Motley Moose – Archive

Since 2008 – Progress Through Politics

Is there a way out of this maze?


Speaking at the University of Chicago’s Harris School of Public Policy Studies, across the street from where Obama once lectured at the law school, Pawlenty contended his proposals – combining lower tax rates with an emergency freeze on spending – would be a “better deal” than what the Obama administration was offering.

“How are you enjoying your recovery summer? That’s what the president said we were having. But that was last year,” Pawlenty said. “Gas is nearly $4 a gallon. Home prices are in the gutter. Our healthcare system – thanks to ‘Obamacare’ – is more expensive and less efficient. Unemployment’s back over 9%. Our national debt has skyrocketed. Our budget deficit has grown worse. And the jobs and manufacturing reports are grim.

[….]

Later, Pawlenty told reporters if economic growth fell from his target of 5% to “4, 3, 2 or 1%, then we’re in deep doo-doo. We are in deep crap.”

Pawlenty proposed cutting the federal corporate tax rate from 35% to 15%, coupled with closing loopholes. For individuals, Pawlenty said he was proposing a “simpler, fairer, flatter” tax system. Those who currently don’t pay income taxes wouldn’t be affected. But he would impose a 10% tax rate on the first $50,000 of individual income and on joint income up to $100,000. Income above those levels would be taxed at 25%, well below the current maximums.

To me, Economics seems to contain a lot of smoke and mirrors.

In my ignorance, I fail to see a way out of this maze.  Corporations don’t seem to be inclined to start spending on expansion, because they see weak demand for the foreseeable future.  How, then, would cutting the corporate tax rate to 15%, as Pawlenty wants to do, do any good?
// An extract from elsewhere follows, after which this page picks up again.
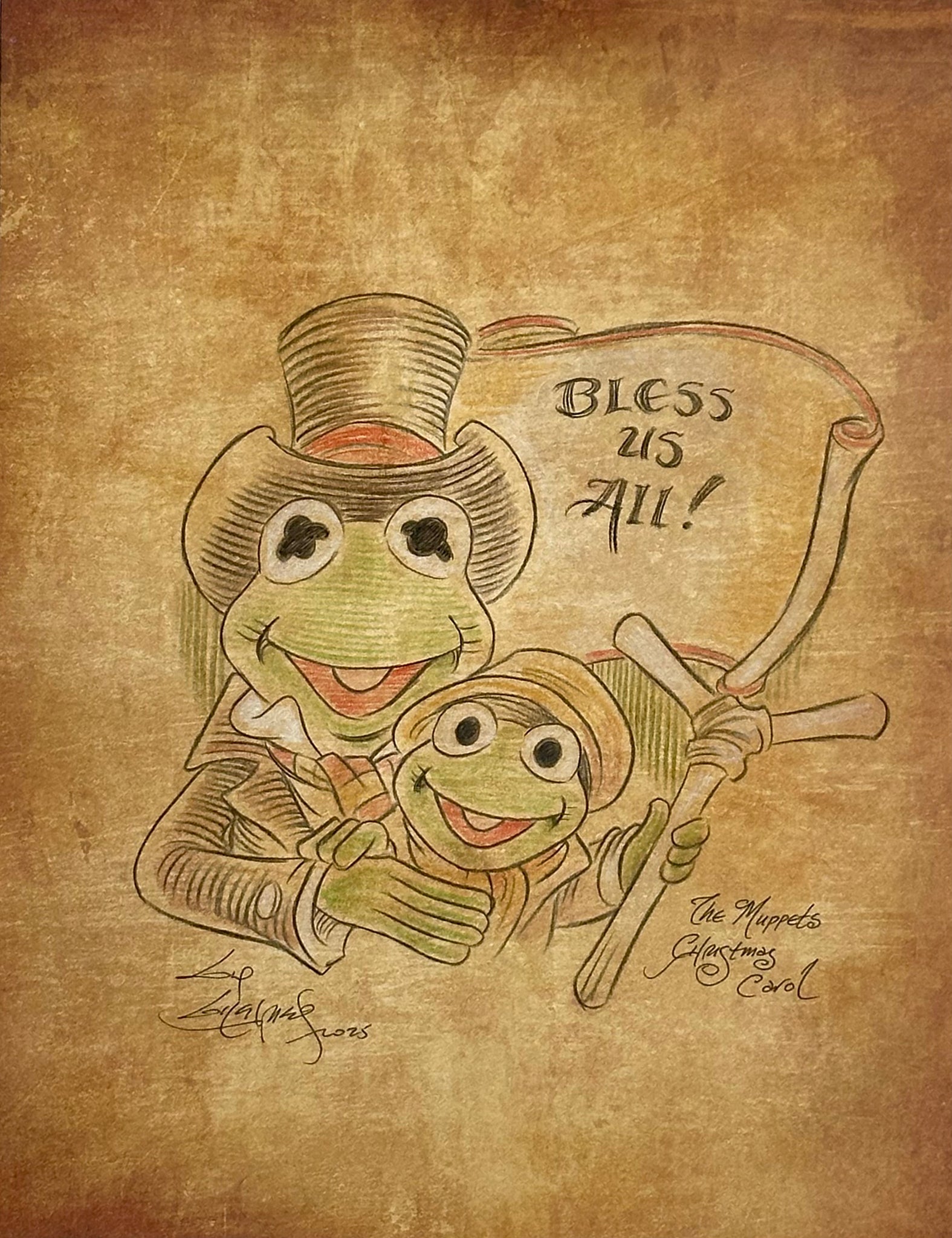 Kermit and Robin "Bless Us All" on Parchment - Guy Gilchrist Original

Further stimulus in the form of increased government spending seems to be off the table.  The State Governments are cash-strapped, and the Republicans who control the U.S. House of Representative and who have filibuster power in the Senate will simply not let the Federal Budget increase.  The Teabaggers simply won’t let them, because it would be deficit spending, and the R. incumbents are petrified of the Teabaggers and primary challenges.

So, what’s left?  A massive shift in what the Federal Government already spends?  I don’t see how the vested interests will allow that to happen.  Just look at the influence they wielded over Health Insurance Reform.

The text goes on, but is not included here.